#### AIM OF THE EXERCISE
For this exercise, retype each line of the material below verbatim and omit any picture.
** PROVIDED MATERIAL follows **
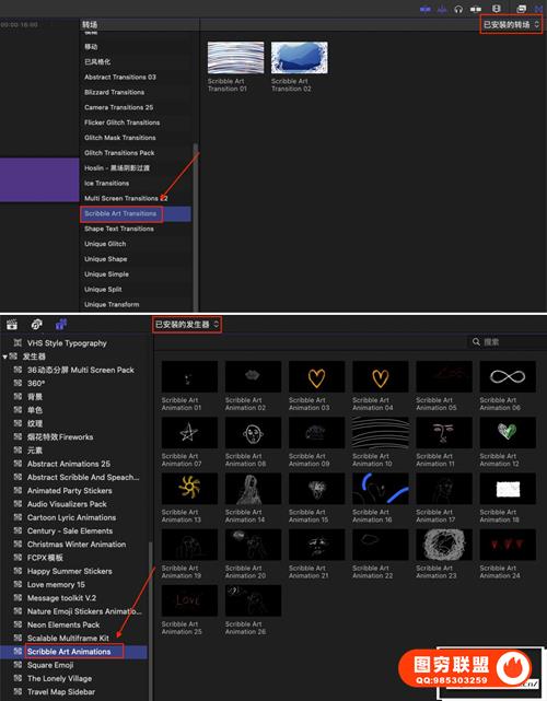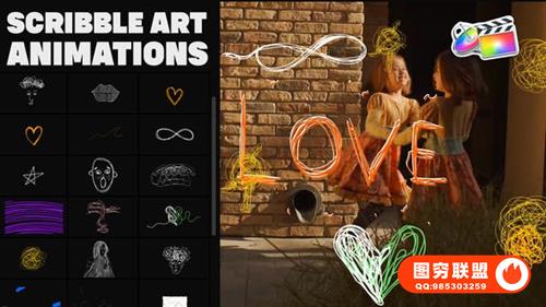 图穷联 » [FCPX插件]28个手绘卡通抽象线条图形动画 Scribble Art Animatio
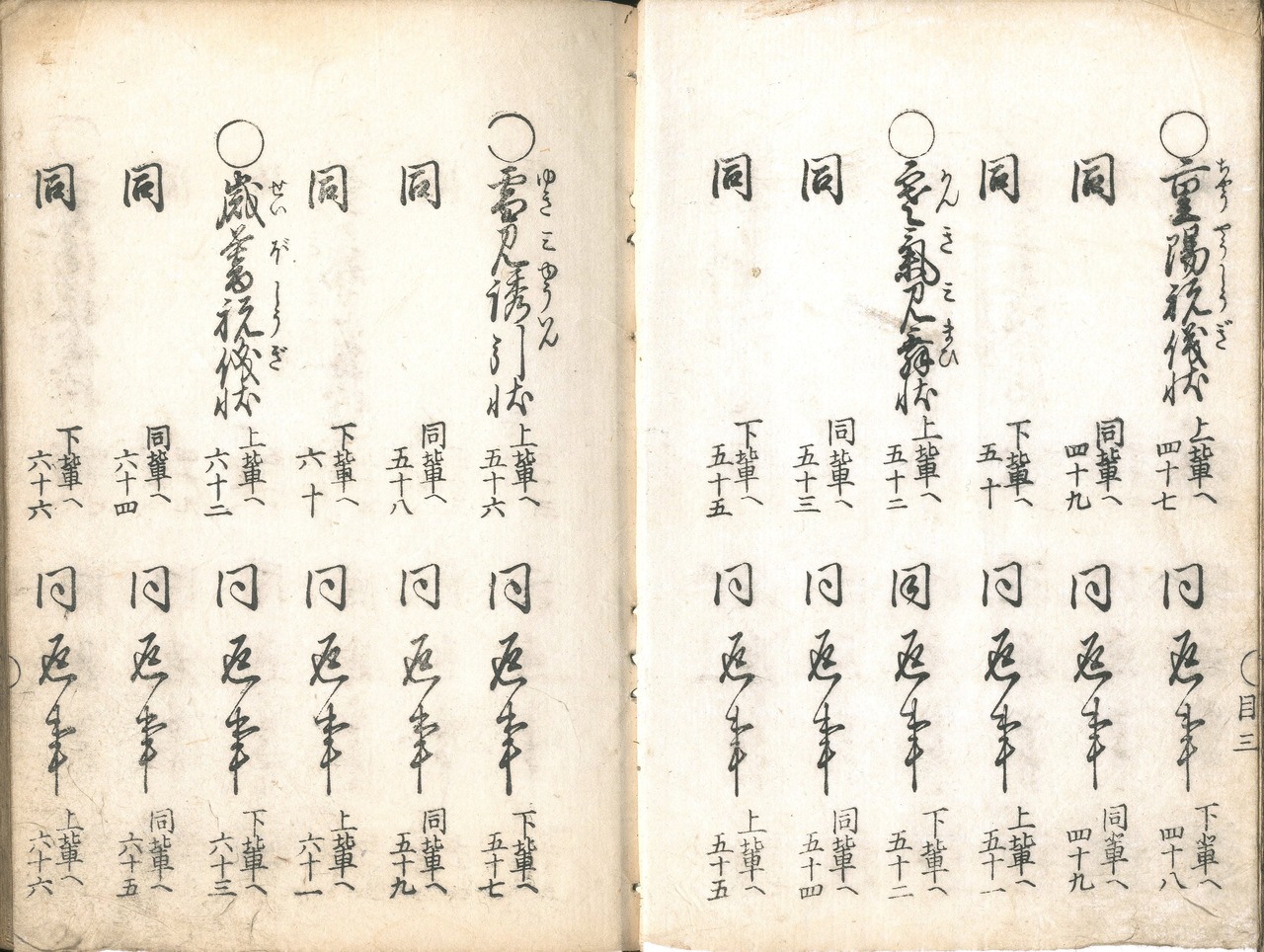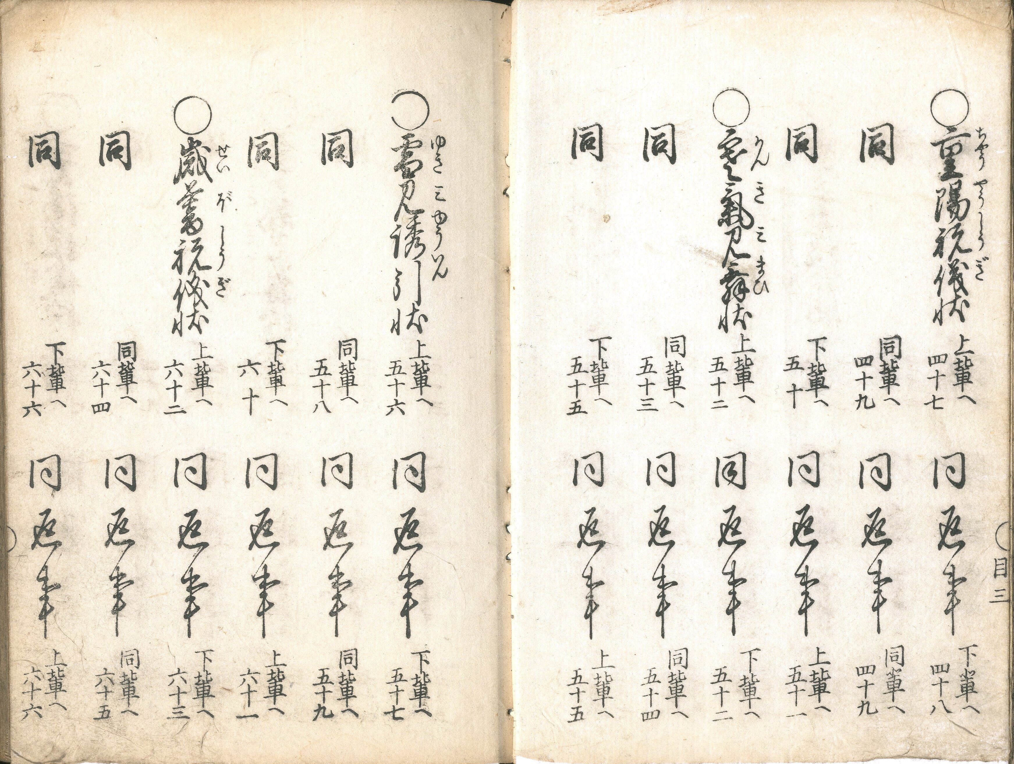 【備考】分類「往来物」。天保10年板(全冊を袋綴じ展開収録)および天保9年板(抄録)・刊年不明板(同)の3種を収録。書名の「三体」は上輩・中輩・下輩を意味し、各消息文について相手の貴賤上下に応じた文例を掲げた用文章。「年始状」「上巳祝儀状」「花見誘状」「端午祝儀状」「暑気見舞状」「納涼誘引状」「神事招請状」「中元祝儀状」「月見催状」「重陽祝儀状」「寒気見舞状」「雪見誘引状」「歳暮祝儀状」「安産見舞状」「元服祝儀状」「養子歓状」「婚礼祝儀状」「留守見舞状」「火事見舞状」「病気見舞状」「悔状」「忌明状」「家督相続祝儀状」の23題についてそれぞれ三体ずつの往復文を掲げ(悔状・忌明状は返状なし)、合計132通の文例を収録する。本文を大字・5行・付訓で記す。序文には商人子弟向けに編んだことを述べるが、直接商取引に関する例文は皆無である。巻末に、時候の言葉を記した「年中時候案文」を掲げる。
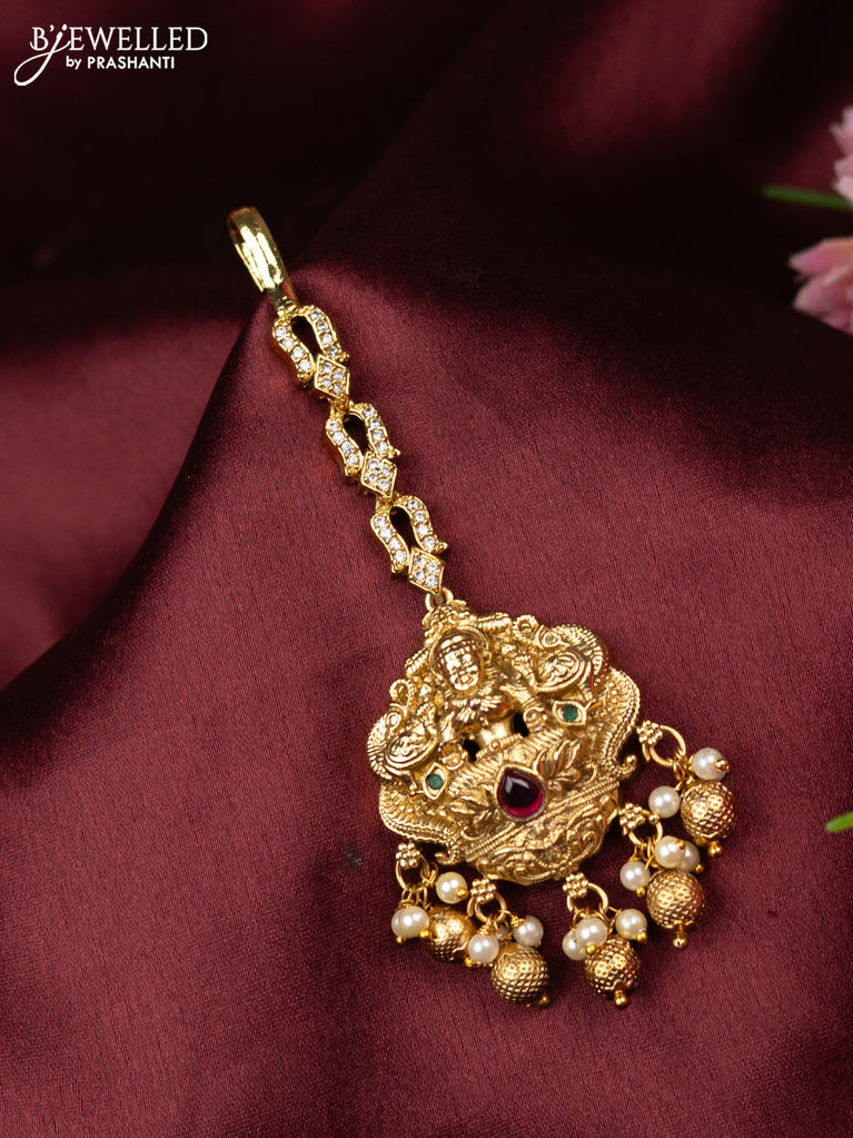 Antique maang tikka lakshmi design with kemp & cz stone and pearl hangings
** End of PROVIDED MATERIAL **
#### EXERCISE OUTPUT
 图穷联 » [FCPX插件]28个手绘卡通抽象线条图形动画 Scribble Art Animatio
 【備考】分類「往来物」。天保10年板(全冊を袋綴じ展開収録)および天保9年板(抄録)・刊年不明板(同)の3種を収録。書名の「三体」は上輩・中輩・下輩を意味し、各消息文について相手の貴賤上下に応じた文例を掲げた用文章。「年始状」「上巳祝儀状」「花見誘状」「端午祝儀状」「暑気見舞状」「納涼誘引状」「神事招請状」「中元祝儀状」「月見催状」「重陽祝儀状」「寒気見舞状」「雪見誘引状」「歳暮祝儀状」「安産見舞状」「元服祝儀状」「養子歓状」「婚礼祝儀状」「留守見舞状」「火事見舞状」「病気見舞状」「悔状」「忌明状」「家督相続祝儀状」の23題についてそれぞれ三体ずつの往復文を掲げ(悔状・忌明状は返状なし)、合計132通の文例を収録する。本文を大字・5行・付訓で記す。序文には商人子弟向けに編んだことを述べるが、直接商取引に関する例文は皆無である。巻末に、時候の言葉を記した「年中時候案文」を掲げる。
 Antique maang tikka lakshmi design with kemp & cz stone and pearl hangings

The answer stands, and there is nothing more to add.